Archived Twint example: store tweets in a CSV file

In this project we continue exploring big data and social networks. Once again we use Twitter as a source of information, but this example is now best read as an archived data-collection exercise.

Current note about Twitter/X access

Twint was useful for learning how a scraper can export public posts to CSV, but the Twitter/X ecosystem has changed substantially. Unofficial collectors can break when the frontend, rate limits or terms change. For a current research or production workflow, start with the official X API, approved data providers or public datasets, and keep this script as historical context about data capture and cleaning.

Twitter allows users to publish short text messages of up to 280 characters. These messages, called tweets, are usually collected through the platform API. In the original version of this exercise, Twint was used to gather data without that official API; today that detail should be treated as historical context.

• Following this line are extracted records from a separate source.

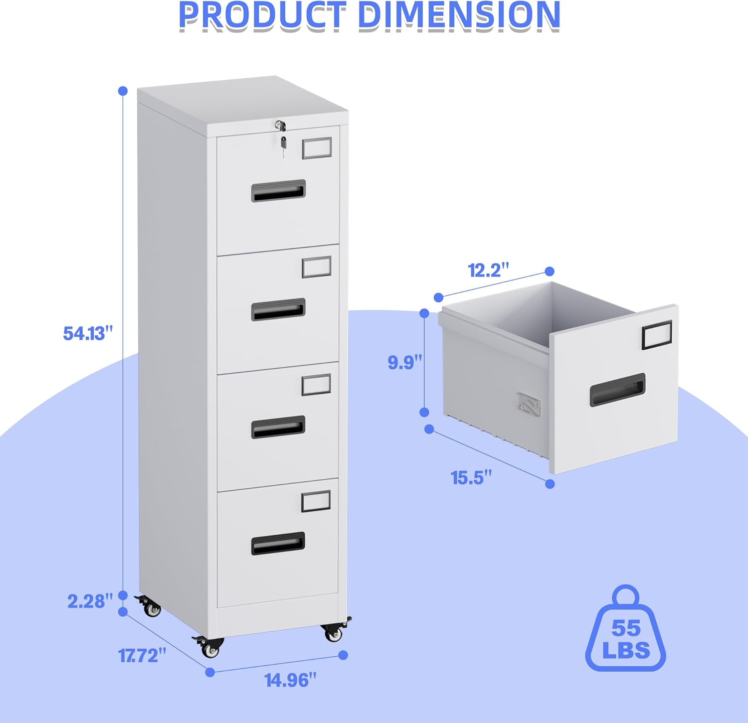 • [Full Extension Drawer] The 4 drawer file cabinet with lock silent rails of the steel file cabinet can be open and close fully, making it easier to get all folders even at the back of the drawer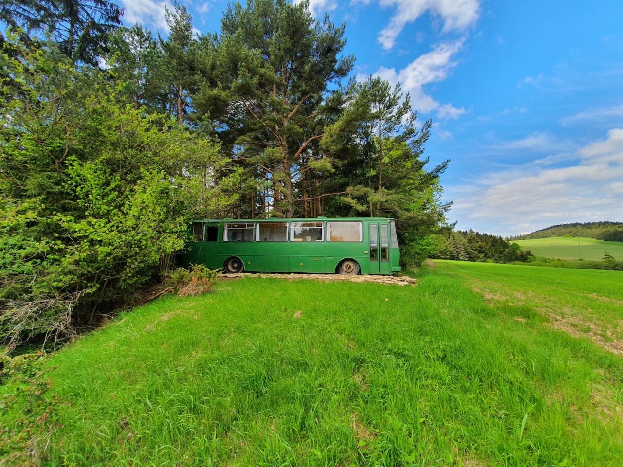 If you're planning a road trip, here's a top-rated, glamping-style experience for you: the Magic Bus! The former vehicle has been turned into a stylish and unique accommodation. You'll have beautiful views over the field, forest and mountains in the distance.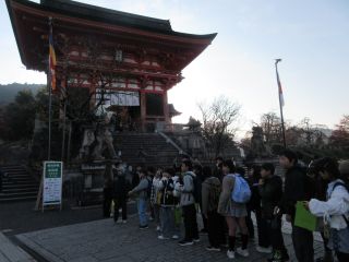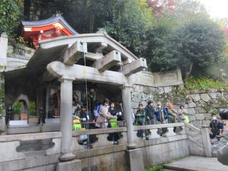 清水寺では、朝早くに着いたので、人混みもそれほどなく、音羽の滝の3つの水も飲むことができました。班別のお買い物も楽しんでいました。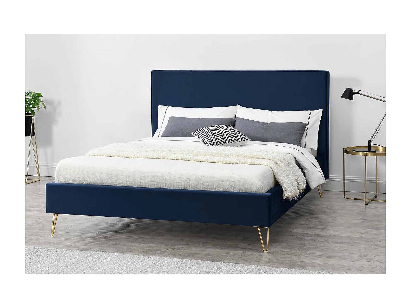 Bed van Blauw Fluweel & Messing Poten 140x190 cm Riverside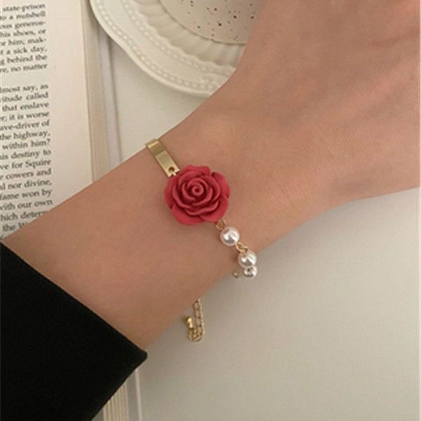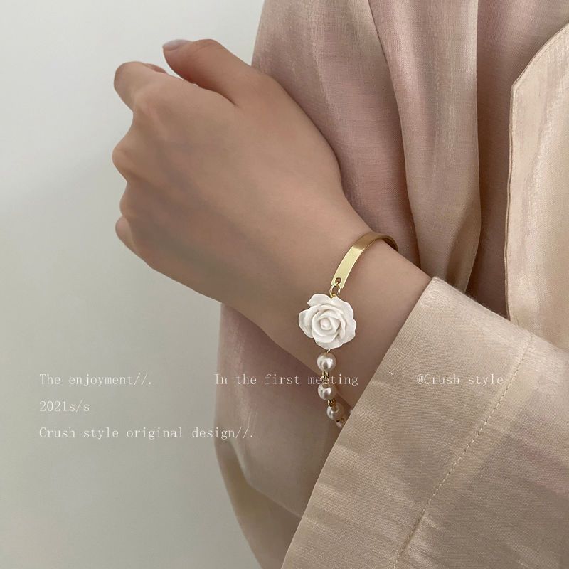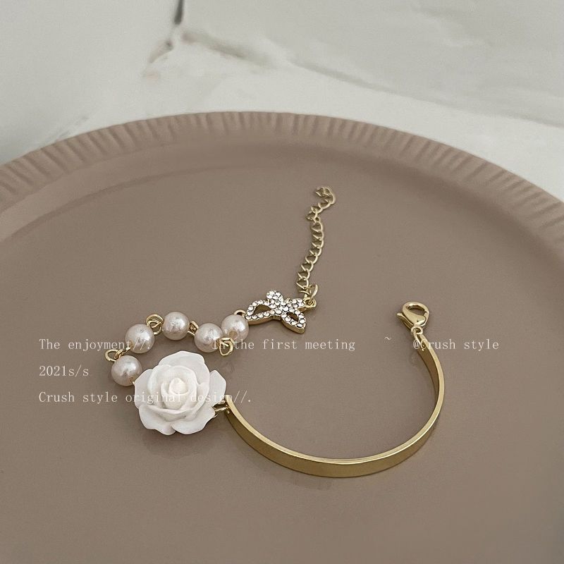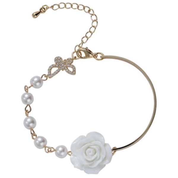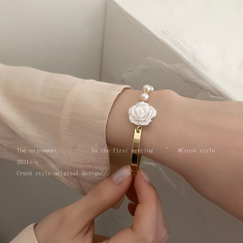 手元を美しく フラワー パール ブレスレット 着痩せ レディー バングル フレンチレトロ チェーン ハンドアクセサリー ブレスレット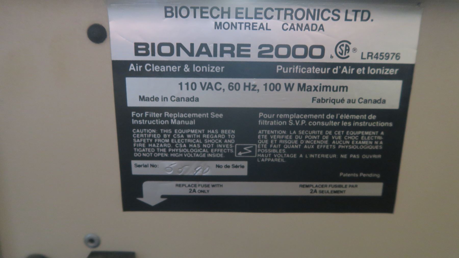Bionair 2000 Air Ionizer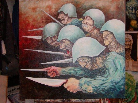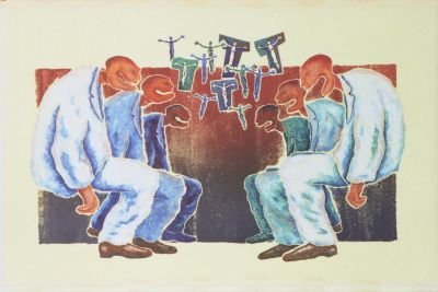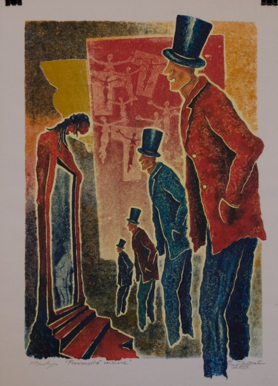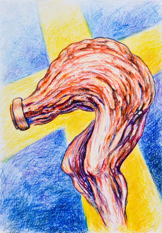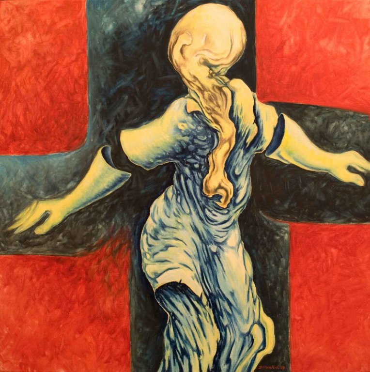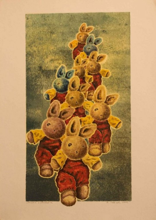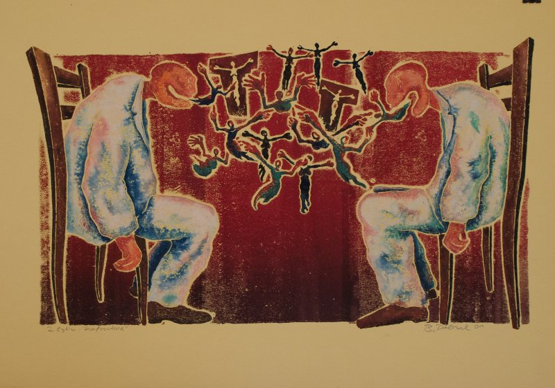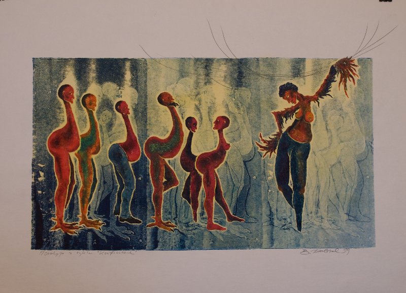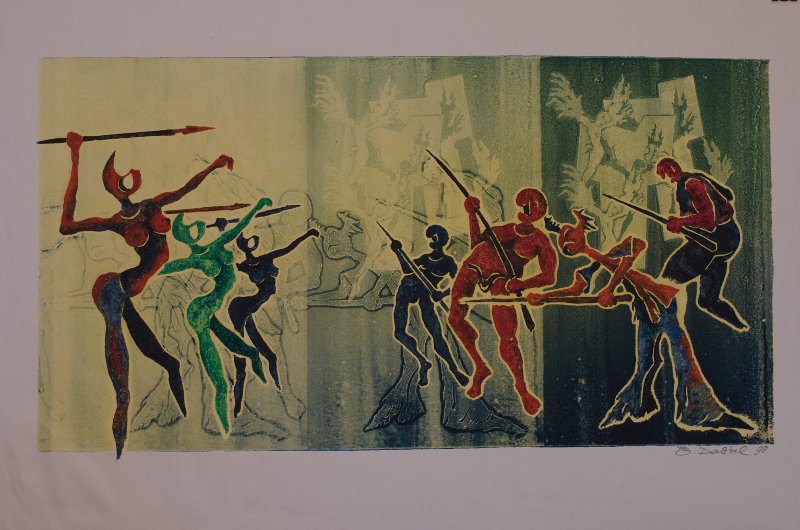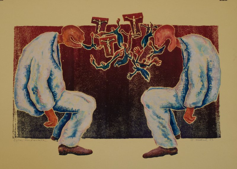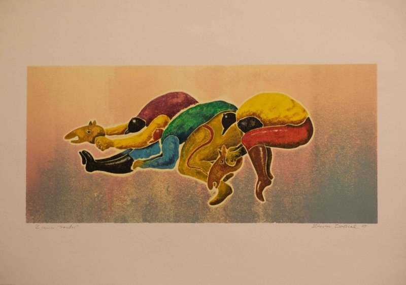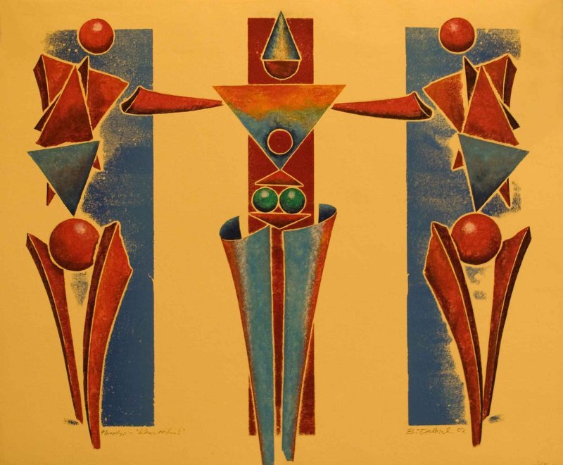 Pro akademicky vzdělané neuchvatitele a pro ty, kteří zatím nebyli postiženi kolikou slávychtivostí, je "Konfrontace" prostorem, kde se nekastruje cit a neznásilňují můzy, prostorem, kde se o vážných věcech komunikuje beze slov. Pro mne a Ivana Kříže a Radka Sedláčka, tedy pro nás, kteří jsme byli na pondělní vernisáž, a kteří Bohouška Doležala známe delší čas, je do jisté míry zjevením jeho na kříži přítomnosti přibité grafické pábení. Zjevením proto, že si ho pamatujeme jako člověka, který před mnoha roky odcházel z Vysokého Mýta bez výraznější ambice Uvidět, a který se skrze nenásilnou konfrontaci k nám vrátil coby svébytný Tvůrce, jenž o tom, co uzřel, dokázal podat nepřehlédnutelnou zprávu.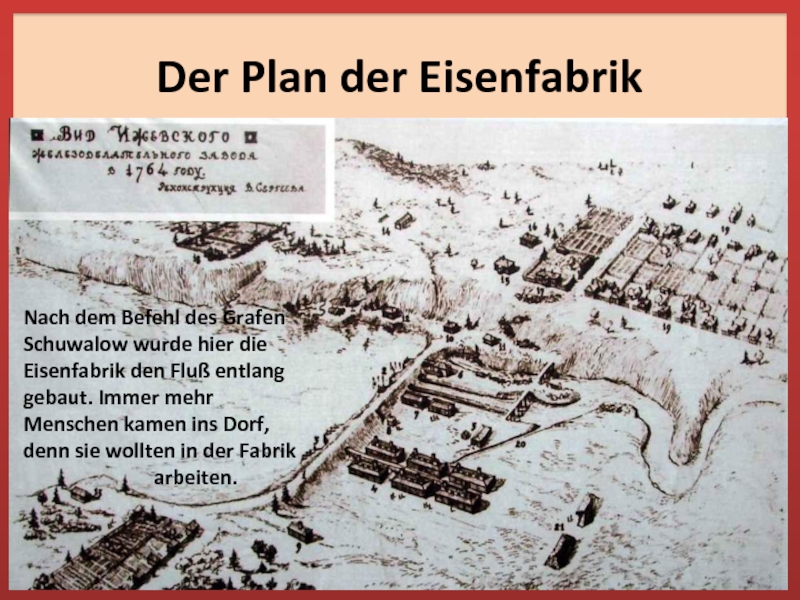 Der Plan der EisenfabrikNach dem Befehl des Grafen Schuwalow wurde hier die Eisenfabrik den Fluß entlang gebaut.

The goal is to implement a Python script that stores tweets written about a topic, in a specific language and between selected dates. With that kind of dataset, you can later analyze public opinion on a topic, user or event over time.

The complete code is available at https://github.com/al118345/Tweepy_Example/blob/master/twint_ejemplo.py.

Library installation

In this example I used Python 3.8 together with the Twint library https://github.com/twintproject/twint.

To run the example, install the repository dependencies with pip install -r requirements.txt:

Script analysis

As you can see, the script is straightforward. The goal of this implementation is to search for tweets in Spanish (es) that contain the word spain, and store the latest 100 matching tweets in the file spain.csv.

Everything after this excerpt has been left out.